# One Hot Encoding (Columns having many categories)

In [14]:
import pandas as pd
import numpy as np

In [17]:
ds = pd.read_csv('mercedesbenz.csv', usecols=['X1', 'X2','X3', 'X4','X5', 'X6'])

In [18]:
ds.head()

Unnamed: 0,X1,X2,X3,X4,X5,X6
0,v,at,a,d,u,j
1,t,av,e,d,y,l
2,w,n,c,d,x,j
3,t,n,f,d,x,l
4,v,n,f,d,h,d


In [20]:
# lets find out how many unique categories are present in each columns
for column in ds.columns:
  print(f"Column {column} has {len(ds[column].unique())} categories")

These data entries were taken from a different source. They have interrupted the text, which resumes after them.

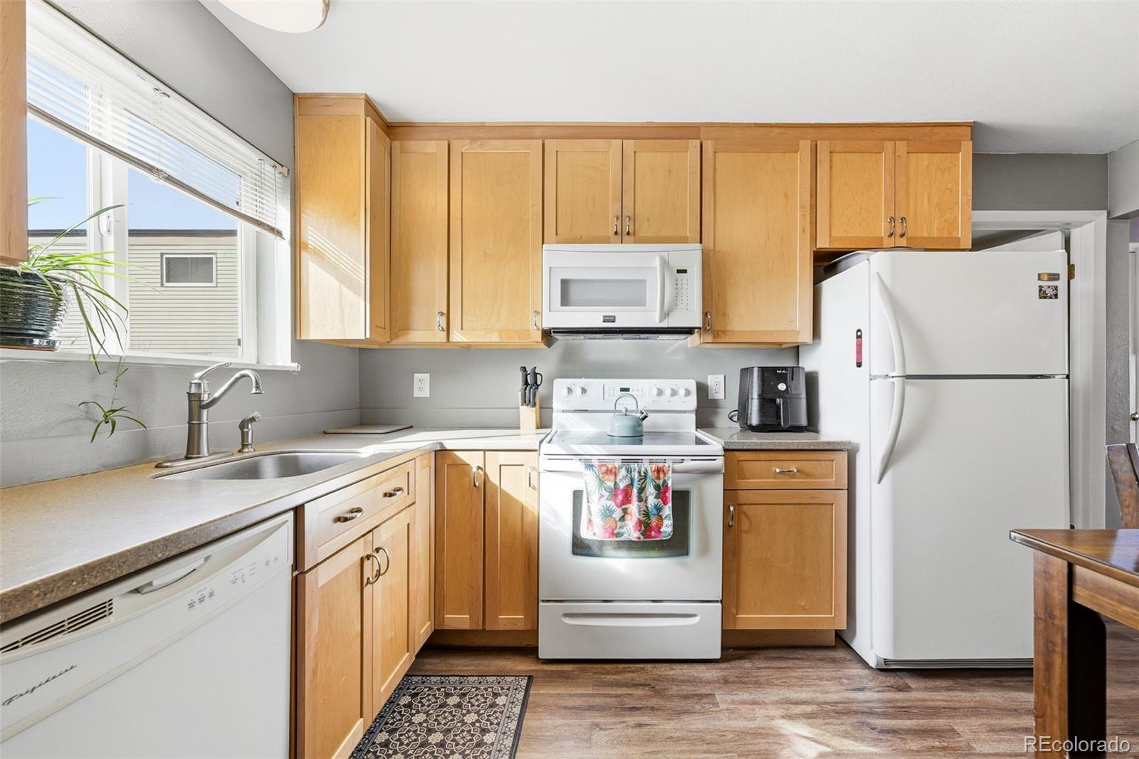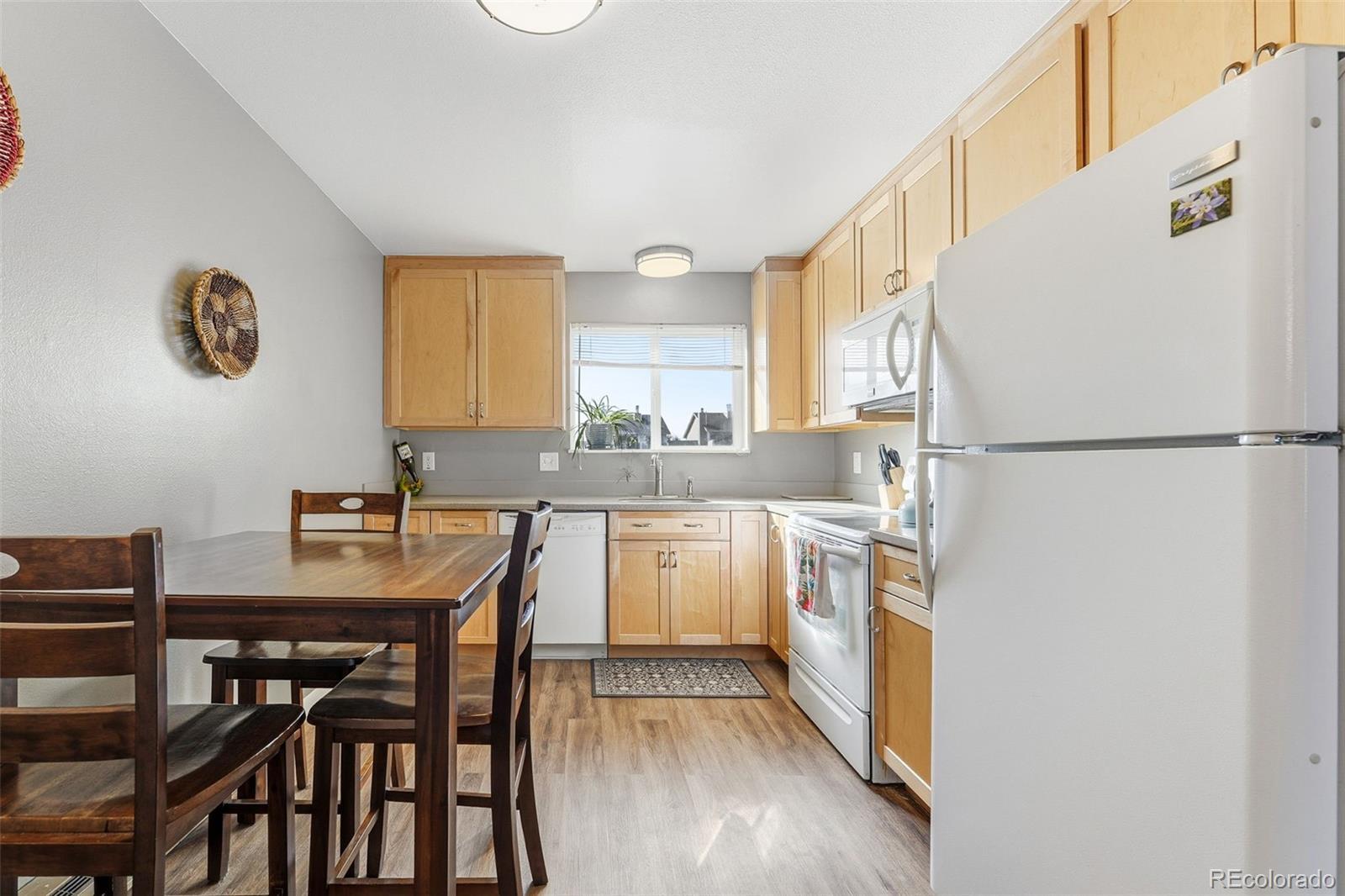 Open and bright two-bed two-bathroom condo located less than a mile from Old Town Arvada. The spacious kitchen is the heart of this home with plenty of counter space, an abundance of cabinets and storage, a dining area, and an open flow so that the living space and kitchen areas are connected. There is an updated half-bathroom on the main level for convenience, as well as a washer and dryer which are included in the sale. Two bedrooms upstairs and the primary enjoys a sliding glass door and balcony for morning coffee or tea, a reading space, or just an excuse to sit outside. The second bedroom has a large south-facing window for even more natural light, a common theme in this home. Updated and modern full-bathroom with tiled shower and floors, dual-vanity sink, updated lighting, and a large soaking tub. Bonus points for an included storage unit, two reserved parking spaces, and a front porch to watch the world go by. There’s plenty of grass just outside for letting the fur-babies out, and a fifteen-minute walk or a five-minute bike ride or drive from top-rated restaurants, bakeries, Ralston Creek and parks, yoga studios, the Arvada Community Room, and everything else Old Town Arvada.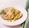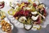 Слейте из сковороды яблочный уксус, смешайте с оливковым маслом, поперчите и посолите.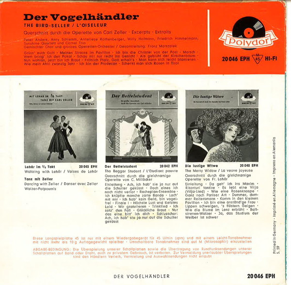 Vinyl / Carl Zeller - Der Vogelhändler (Querschnitt Durch Die Operette)

Column X1 has 27 categories
Column X2 has 44 categories
Column X3 has 7 categories
Column X4 has 4 categories
Column X5 has 29 categories
Column X6 has 12 categories


Since there are many categories, performing one-hot encoding with get_dummies will increase the number of columns to 177 columns

In [21]:
ds_copy = ds.copy()

In [22]:
pd.get_dummies(ds_copy, drop_first=True).shape

(4209, 117)

So due to huge number of columns(features), we will face the problem of "Curse of Dimensionality". And our accuracy would be compromised

Now how we solve this. We take 10 most frequent categories of each column(features) and then perform one-hot encoding on them, and for the remaining categories we make them '0' (zero)

In [27]:
# lets find the top 10 most frequent categories for any one of the features of the ds
ds['X2'].value_counts().sort_values(ascending=False).head(10)

as    1659
ae     496
ai     415
m      367
ak     265
r      153
n      137
s       94
f       87
e       81
Name: X2, dtype: int64

In [30]:
# Let's make a list of top 10 most frequent words for a column and try it out
X2_top_10 = [x for x in ds["X2"].value_counts().sort_values(ascending=False).head(10).index]
# .index gives us the column name
X2_top_10

['as', 'ae', 'ai', 'm', 'ak', 'r', 'n', 's', 'f', 'e']

In [31]:
for label in X2_top_10:
  ds[label] = np.where(ds['X2']==label,1,0)
  # here we create column for all the top 10 categories of feature X2 and in those new column we set 1 if
  # the categories of X2 comes within the top 10 cateogires. 0 otherwise

In [32]:
ds.head()

Unnamed: 0,X1,X2,X3,X4,X5,X6,as,ae,ai,m,ak,r,n,s,f,e
0,v,at,a,d,u,j,0,0,0,0,0,0,0,0,0,0
1,t,av,e,d,y,l,0,0,0,0,0,0,0,0,0,0
2,w,n,c,d,x,j,0,0,0,0,0,0,1,0,0,0
3,t,n,f,d,x,l,0,0,0,0,0,0,1,0,0,0
4,v,n,f,d,h,d,0,0,0,0,0,0,1,0,0,0


Now lets extract the fresh data and do all these for all the features

In [65]:
ds = pd.read_csv('mercedesbenz.csv', usecols=['X1', 'X2','X3', 'X4','X5', 'X6'])

In [66]:
# creating a function to get the top10 categories
def get_10(col_name):
  return [x for x in ds[col_name].value_counts().sort_values(ascending=False).head(10).index]


In [67]:
# lets generate top 10 categories for all the features
X1_top_10 = get_10('X1')
X2_top_10 = get_10('X2')
X3_top_10 = get_10('X3')
X4_top_10 = get_10('X4')
X5_top_10 = get_10('X5')
X6_top_10 = get_10('X6')

In [68]:
# lets print the top 10 features of some columns
print(f"Top to features of X1 is: ",X1_top_10)
print(f"Top to features of X2 is: ",X2_top_10)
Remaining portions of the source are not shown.